The 7-year-old statistician and Bart Starr
Living in Algoma, a town 30 minutes from Green Bay on the shores of Lake Michigan, Randy Gilson always had a special place in his heart for the Green Bay Packers. His father worked for the team for some time. The importance of the Green and Gold was instilled in him at an early age.
So much so that, when he was only seven years old, Gilson made an impression on Packers players with his ability to rattle off game statistics. In particular, he caught the attention of Hall of Fame quarterback Bart Starr.
“At that time, a local television station used to announce when the Packers were arriving at the airport,” Gilson said. “I would ask my parents if we could go and meet the Packers at the airport, and once in awhile we would go.

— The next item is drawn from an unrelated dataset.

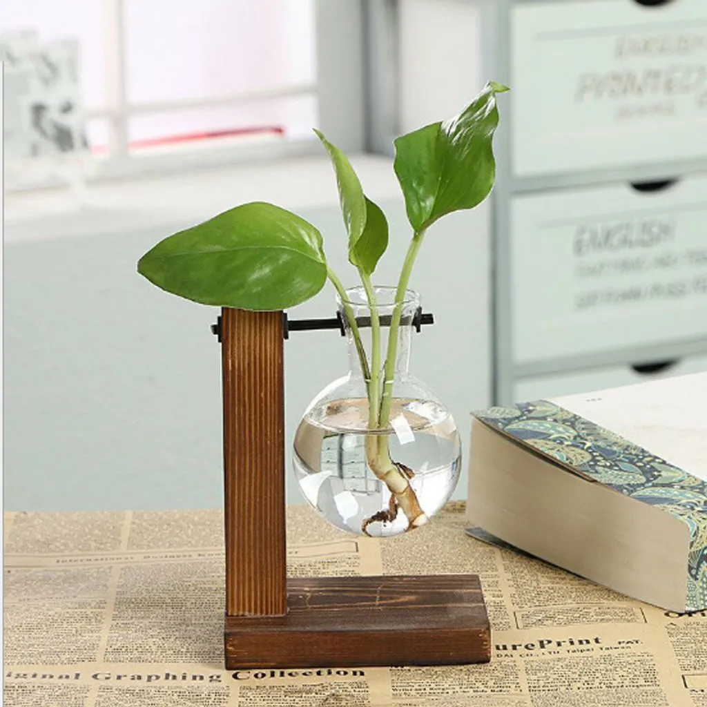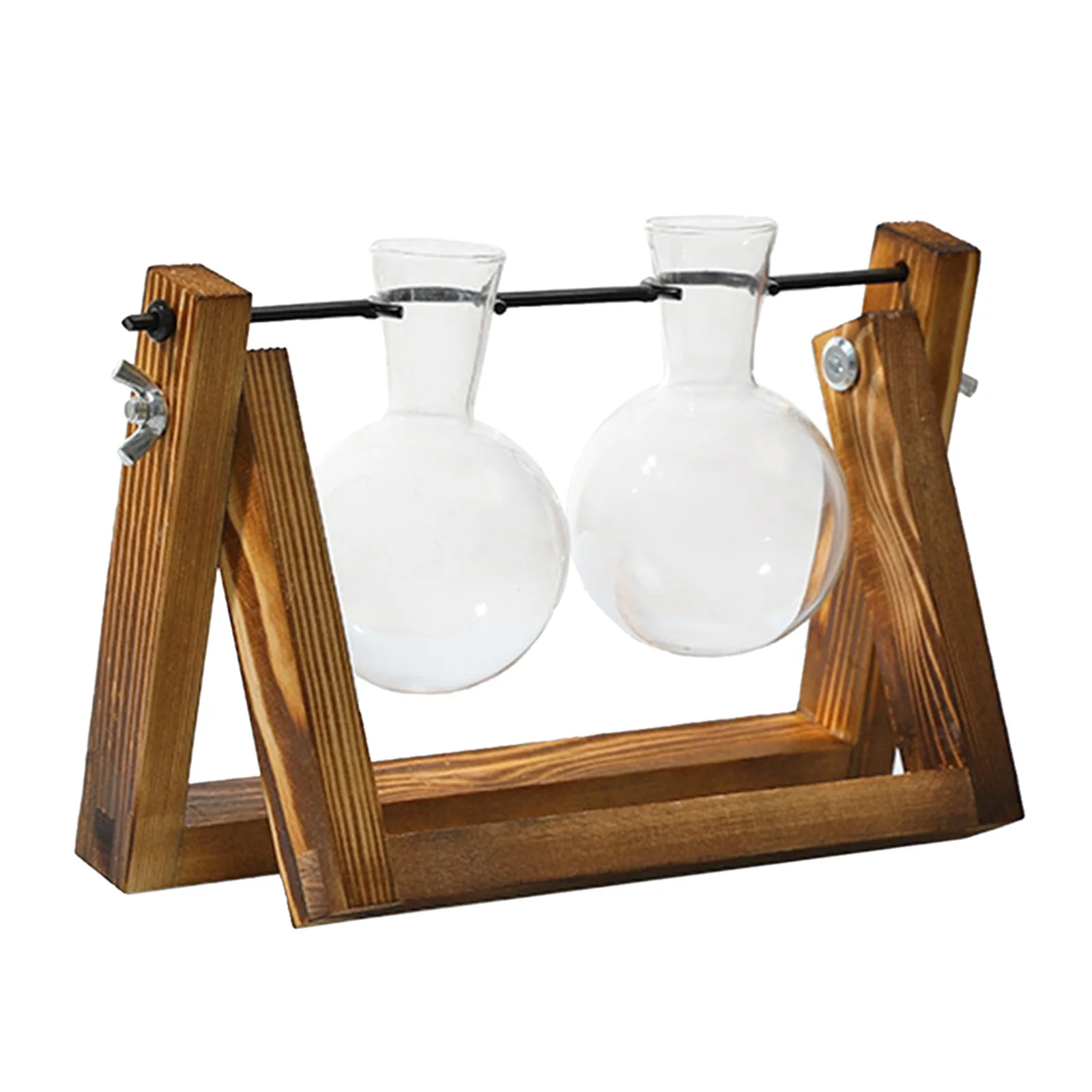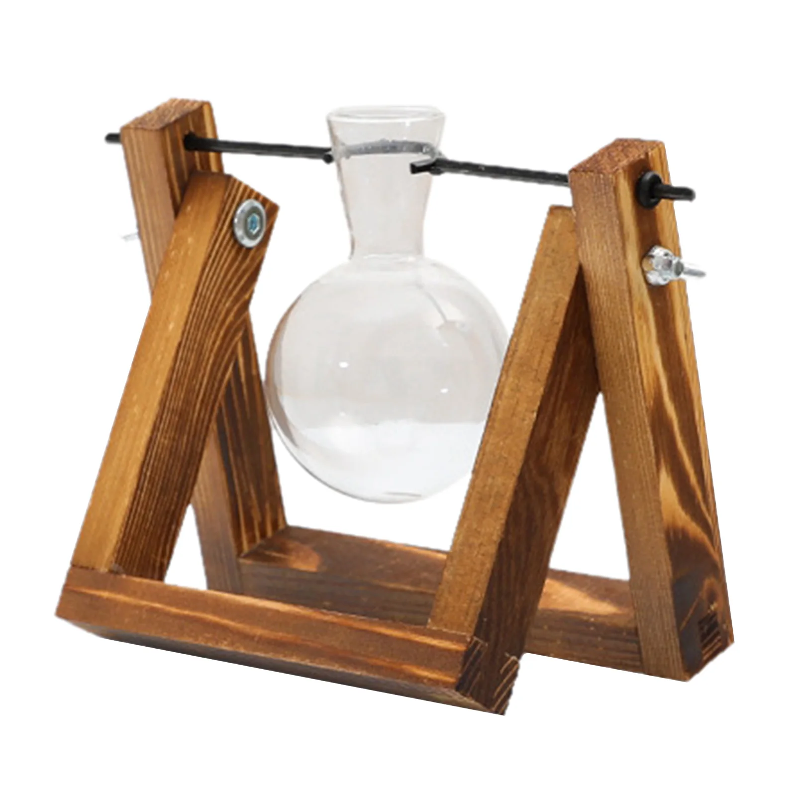 Dekoracja-Mini zlewka hydroponic vintage wazon design wazon dla hodowcy roślin z solidnym drewniany stojak i metalowy uchwyt, piękny kształt, najlepsze przedmioty dekoracyjne na biurko.

“We would go there and get autographs from the players, but they would also talk to you for a bit and ask you questions. Bart Starr once called me over and said, ‘You are the boy with all the stats aren’t you?'”
Gilson said he was and answered some questions about that day’s game. But Starr had another question for him.
“He had asked me before who my favorite Packer was and I would give him a name,” Gilson said. “This time, he asked me again and I answered some other player. Then he asked me who my second favorite Packer was and then my third, my fourth. Each time I answered someone else not knowing what he was really asking me. Until he said, ‘Well what number would I be?'”
Their conversation took place in 1962, Gilson says, a year after the Packers won the 1961 NFL championship, the organization’s first of five titles in the decade. In what was their only hiccup in ’62, however, Starr and Green Bay lost, 26-14, to the Detroit Lions on Thanksgiving Day. Starr was roughed up, getting sacked 10 times and throwing two interceptions. With that in mind, Gilson gave an answer only a child could get away with.
“I asked him how many players were on offense,” Gilson said. “He answered 11. Then I asked him how many on defense and he said 11. So I said you are about my 21st or 22nd (favorite) Packer player. He looked at me and asked why. I told him, ‘Because you had 10 quarterback tackles, which is what they called sacks back then, against Detroit.’ And I said to him, ‘If you are going to make it in this league you have get rid of the ball faster.'”
Gilson said Starr asked the Packers’ stat-keeper if the 10 sacks were true. He nodded and smiled at the young boy.
“He was very nice about it,” Gilson said. “When I got home and my parents asked me what Bart Starr and I talked about and I told them, they asked me why I would say something like that to him. But he went on to win four championships after that and I never charged him anything for the advice.”
Clearly, even at a young age Gilson’s dedication ran deep. That passion came thanks to his upbringing.
“Back when I was a kid, the games would be blacked out in the Green Bay area so we would go to church in the morning and then have to listen to the games on the radio,” Gilson said. “The radio in the house did not get good reception so we had to listen to the games in the car. So our Sundays consisted of going to church in the morning and then sitting in my dad’s car in the afternoon.
“I knew I would need to listen very closely to the games because when we would get together with family they would ask a lot of questions,” Gilson said. “Different questions about what happened in the game and different stats. If you didn’t know the answer, you weren’t a real Packer fan.”
So Gilson would study the games as he listened to them and became adept at remembering every statistic. He would lock them away, ready to be recalled at a moment’s notice. In this case, it allowed him to make a quick friendship with a Packers legend.
The incident also led to Gilson, now living in the Minocqua area, being interviewed for a potential movie about Starr a couple of years ago when the director heard he had a good story to tell.
“The director told me that was the second best Starr story he ever heard,” Gilson said.
The movie, which still remains largely in the works, could mean a reunion with Starr and the boy who claimed the quarterback wasn’t on his top 20 list of favorite players.
“If the movie gets picked up, they will have a premiere party and Starr will be there,” Gilson said. “I would love to meet him and he probably would like to meet the kid that told him how he was his 21st or 22nd (favorite) player.”
This time around, Gilson would have a different answer for the great Packers quarterback.
“He is my favorite player of all-time now,” Gilson said. “Not only because of what he did on the field, but he is a real classy guy and does the right thing for people. He not only is happy to sign autographs but he will sit and talk to people like he used to do when I was a kid.
“He didn’t have to take the time to talk to a kid but that is the guy he was. A lot of the Packers in that day were like that. That is something that really stuck with me.”